**WORK TASK**
Below, some lines carry pictures; leave those pictures out and retype exactly the lines from the one with "漆喰壁の白がさらに部屋を明るくしてくれます。" through the one with "建議開車或騎車前往筏子溪門戶".

**RECORDS**
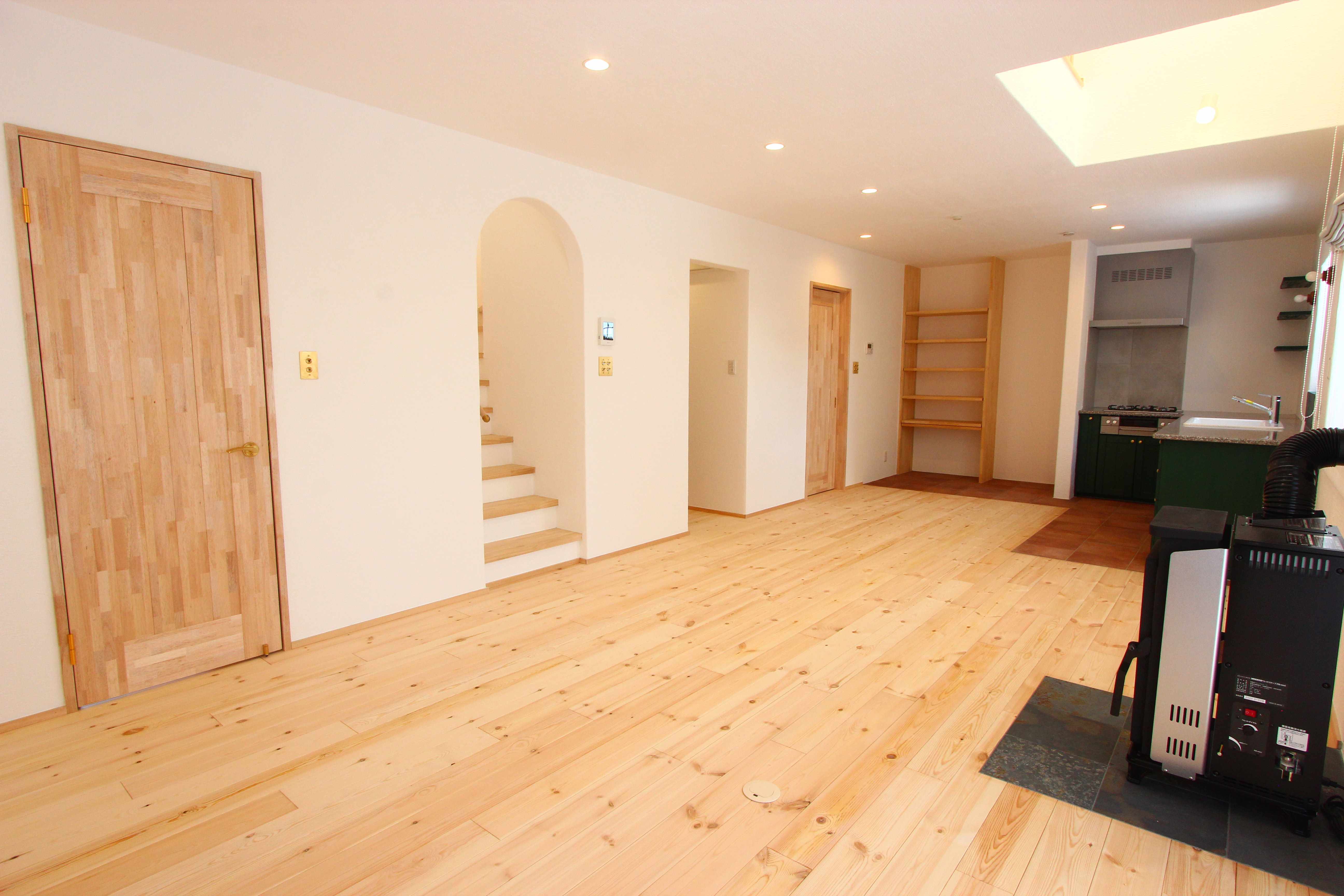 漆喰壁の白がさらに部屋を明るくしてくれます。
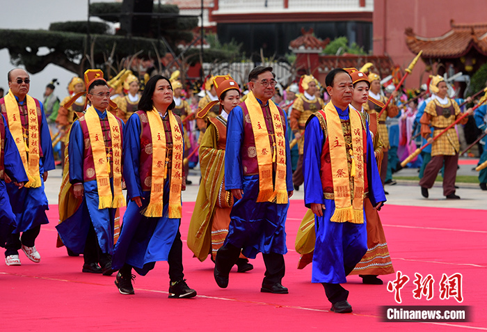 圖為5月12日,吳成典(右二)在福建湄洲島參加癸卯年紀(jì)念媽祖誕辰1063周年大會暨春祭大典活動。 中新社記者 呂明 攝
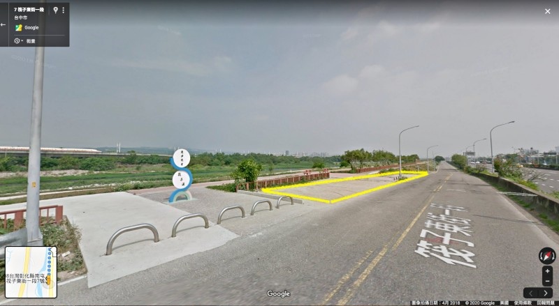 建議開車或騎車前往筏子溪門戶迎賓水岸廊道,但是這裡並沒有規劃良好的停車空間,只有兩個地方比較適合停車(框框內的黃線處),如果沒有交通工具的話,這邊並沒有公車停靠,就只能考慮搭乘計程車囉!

---

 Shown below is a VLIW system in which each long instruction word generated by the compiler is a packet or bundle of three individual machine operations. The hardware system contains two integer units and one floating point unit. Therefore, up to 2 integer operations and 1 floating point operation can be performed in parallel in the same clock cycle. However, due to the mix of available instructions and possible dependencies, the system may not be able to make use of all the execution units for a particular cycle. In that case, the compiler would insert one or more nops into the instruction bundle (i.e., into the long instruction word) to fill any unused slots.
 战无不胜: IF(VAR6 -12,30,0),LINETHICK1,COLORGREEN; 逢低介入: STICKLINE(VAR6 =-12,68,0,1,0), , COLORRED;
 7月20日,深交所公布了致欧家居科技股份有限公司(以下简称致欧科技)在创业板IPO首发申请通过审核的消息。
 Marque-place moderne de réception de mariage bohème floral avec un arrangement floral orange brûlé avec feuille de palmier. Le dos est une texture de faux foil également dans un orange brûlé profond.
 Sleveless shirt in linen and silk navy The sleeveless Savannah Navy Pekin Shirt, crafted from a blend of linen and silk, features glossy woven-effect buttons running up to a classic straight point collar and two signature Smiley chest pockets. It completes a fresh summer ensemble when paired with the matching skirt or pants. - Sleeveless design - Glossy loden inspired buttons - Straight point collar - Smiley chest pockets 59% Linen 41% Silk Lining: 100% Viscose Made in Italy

**ANSWER BOX**
 漆喰壁の白がさらに部屋を明るくしてくれます。
 圖為5月12日,吳成典(右二)在福建湄洲島參加癸卯年紀(jì)念媽祖誕辰1063周年大會暨春祭大典活動。 中新社記者 呂明 攝
 建議開車或騎車前往筏子溪門戶迎賓水岸廊道,但是這裡並沒有規劃良好的停車空間,只有兩個地方比較適合停車(框框內的黃線處),如果沒有交通工具的話,這邊並沒有公車停靠,就只能考慮搭乘計程車囉!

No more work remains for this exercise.